Four integron-borne metallo-ß-lactamases, IMP-1, IMP-2, VIM-1 and VIM-2, conferring resistance to carbapenems, have been described.14 The respective bla genes were in the form of cassettes and located within the variable region of class 1 integrons. The IMP-1 ß-lactamase has been detected in various Gram-negative species in Japan,1 the IMP-2 ß-lactamase in a clinical isolate of Acinetobacter baumannii in Italy2 and the closely related VIM-1 and VIM-2 ß-lactamases in Pseudomonas aeruginosa strains from Italy and France, respectively.3,4 Recently, an outbreak caused by a carbapenem-resistant P. aeruginosa strain was described in a Greek hospital. Based on polymerase chain reaction (PCR) assays, it was assumed that resistance was due to the production of a VIM-like metallo-ß-lactamase.5 In order to characterize the respective bla gene and its carrier, a representative isolate, P. aeruginosa 174, was studied.

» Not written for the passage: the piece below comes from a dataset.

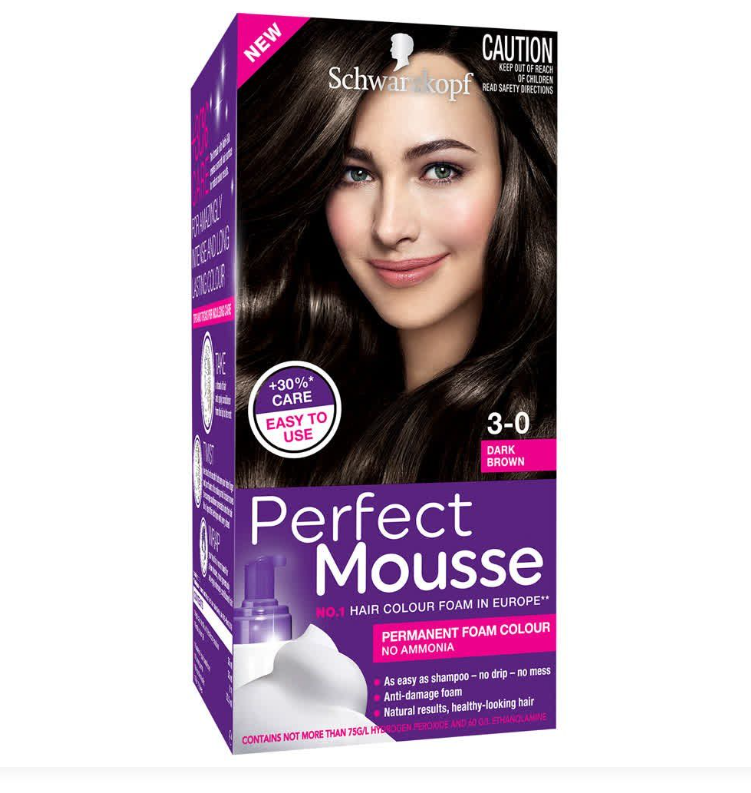 Schwarzkopf Perfect Mousse 3.0 Dark Brown is a rich, vibrant hair dye that delivers salon-quality color at home. This permanent mousse formulation allows for easy, even application and a beautiful, long-lasting dark brown shade. The mousse texture ensures it spreads evenly through your hair without drips, offering a mess-free coloring experience. It’s designed to provide natural-looking color with radiant shine, and it works well on all hair types, giving you full coverage, even for gray hair.

Escherichia coli JM109 was used in transformation experiments. The plasmids pMON-382016 and pBCSK(+) (Stratagene) were used for cloning and expression of ß-lactamases. Susceptibility testing was performed by an agar dilution method as described by Tsakris et al.5 Plasmid DNA from P. aeruginosa was obtained by various methods as described by Lauretti et al.3 ß-Lactamase preparations were obtained by ultrasonic treatment of cell suspensions. Isoelectric focusing (IEF) was performed in polyacrylamide gels containing ampholytes (pH range 3.5–9.5). ß-Lactamases were detected with nitrocefin (Oxoid). Enzymatic activity was inhibited in situ by application, for 10 min, of paper strips soaked in 0.1 M EDTA. Wholecell DNA from P. aeruginosa was used as template in PCR assays. The following primers were used: VIM-F (5'-AGTGGTGAGTATCCGACAG-3') and VIM-R (5'-ATGAAAGTGCGTGGAGAC-3') for blaVIM-specific amplification; 5'-CS (5'-GGCATCCAAGCAGCAAG-3') and 3'-CS (5'-AAGCAGACTTGACCTGA-3') for amplification of the variable region of the class 1 integron. An integrase-specific primer, INT-F (5'-CGTTCCATACAGAAGCTG-3'; nucleotides 657–674 of GenBank accession no. Y18050), was also used. PCR products were cloned into XcmI-digested pMON-38201, and appropriate fragments were subcloned into pBCSK(+). Nucleotide sequences were determined using Sequenase 2.0 (USB, Cleveland, OH, USA).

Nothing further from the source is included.